İtalya'yı 1911'de Trablusgarp'a karşı harekete geçiren en önemli olay, Fas meselesinin alevlenmiş olmasıydı. İtalya'nın daha 1900'de Fransa ile yaptığı gizli antlaşmaya göre, Fransa Fas'ta yeni menfaatler elde ederse, İtalya da Trablusgarp için harekete geçecekti.
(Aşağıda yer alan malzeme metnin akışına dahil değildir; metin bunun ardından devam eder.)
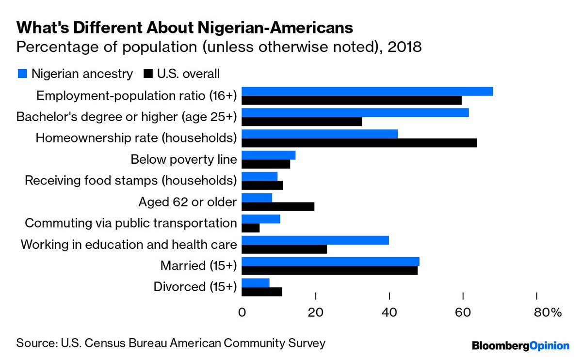 Nigerian-Americans are better-educated and more likely to have a job than the rest of us, and have somewhat higher median household incomes ($68,658 vs. $61,937), but they're also more likely to rent and take the bus (presumably because they live in cities)pic.twitter.com/xIEiu5JNwQ
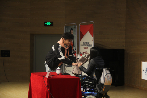 活动伊始,学工处处长张燕明上台主持,向大家介绍了此次宣讲的主讲人"董明爱心志愿者团队"创始人、"北京奥运会火炬手"、"北京残奥会形象大使"董明,随后通过一则纪录片向观众展现了董明老师在经历残疾的痛苦却不向命运低头的生活缩影。
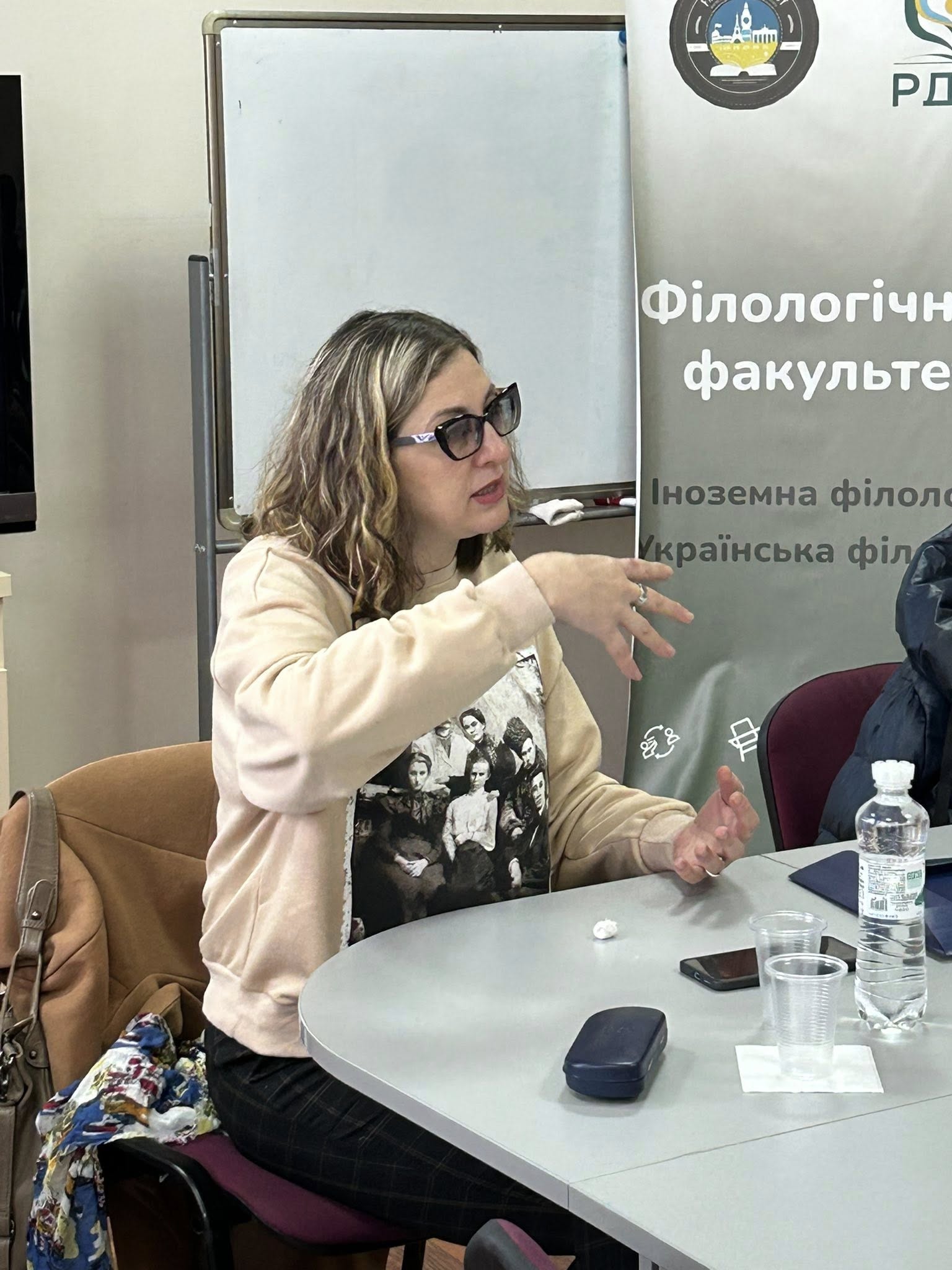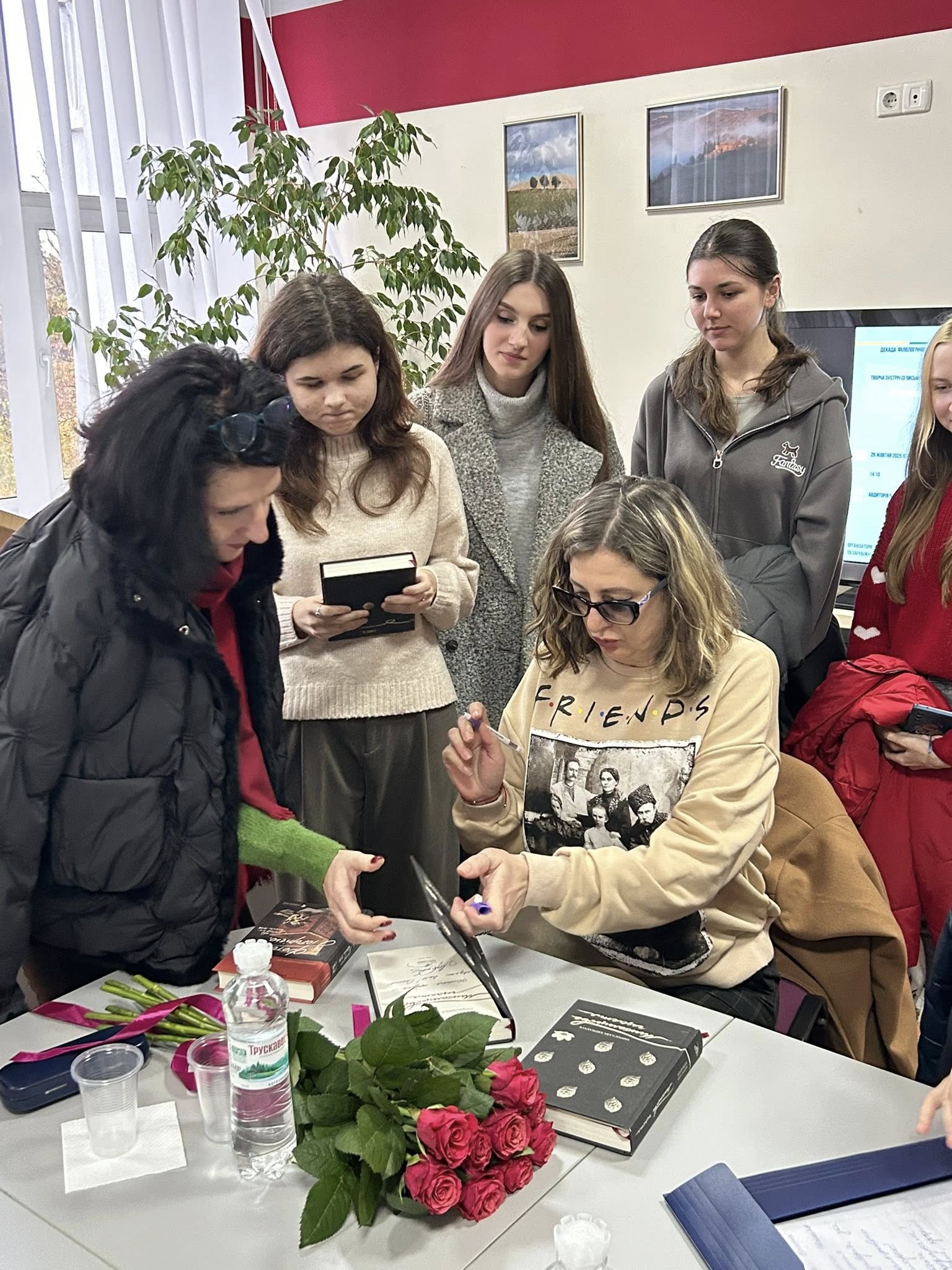 29 жовтня на філологічному факультеті з ініціативи кафедри української та зарубіжної літератури в межах декади філологічного факультету, присвяченої 85-річчю РДГУ,відбулася творча зустріч із випускницею факультету, письменницею Мирославою Кирильчук та презентація її роману «Микольцьове щастя».

Bu antlaşma ile Trablusgarp İtalya'ya vaat edilmiş oluyordu. 24 Nisan 1911'de Fransız ordusu Fas'a girdi. İtalya kamuoyunda, Fas'ın da Fransa tarafından kapılmış olduğunun duyulması bir anda hükümeti devirecek kadar şiddetli bir etki yaratınca Giolitti hükümeti uzun zamandır hazırlanan ihtiraslarını açığa vurmaya mecbur kaldı. Bu durum Trablusgarp'a karşı harekete geçmek için sabırsızlanan İtalyan kamuoyunu daha da şiddetlendirerek İtalyanların savaş kararı almasında etkili oldu.
Trablusgarp Savaşı sırasındaki İtalyan Başbakanı Giolitti hatıralarında; işin iç yüzünü bilmeyenlerin Trablusgarp'a gitme kararının birdenbire verildiğini söylediklerini fakat işin aslının böyle olmadığını, kendilerinin İngiltere ile Mısır, Fransa ile de Fas meselesini müzakere ederken kendileri için birtakım haklar aldıklarını ve bunu büyük devletlere tasdik ettirdiklerini, Fransa'nın Fas'a girmesinden sonra kendileri açısından vaktin gelmiş olduğunu, zira kendileri Trablusgarp'a gitmemiş olsalardı, diğer bir Avrupa devletinin burayı mutlaka işgal edeceğini, Tunus‟un Fransızlar tarafından işgalinin kendilerinde yarattığı hayal kırıklığını bir daha yaşamak istemediklerini ve bu durumda bir Avrupa devleti ile savaşmak zorunda kalacaklarını, bunun da Osmanlı Devleti ile savaşmaktan daha zor olacağını belirtmişti.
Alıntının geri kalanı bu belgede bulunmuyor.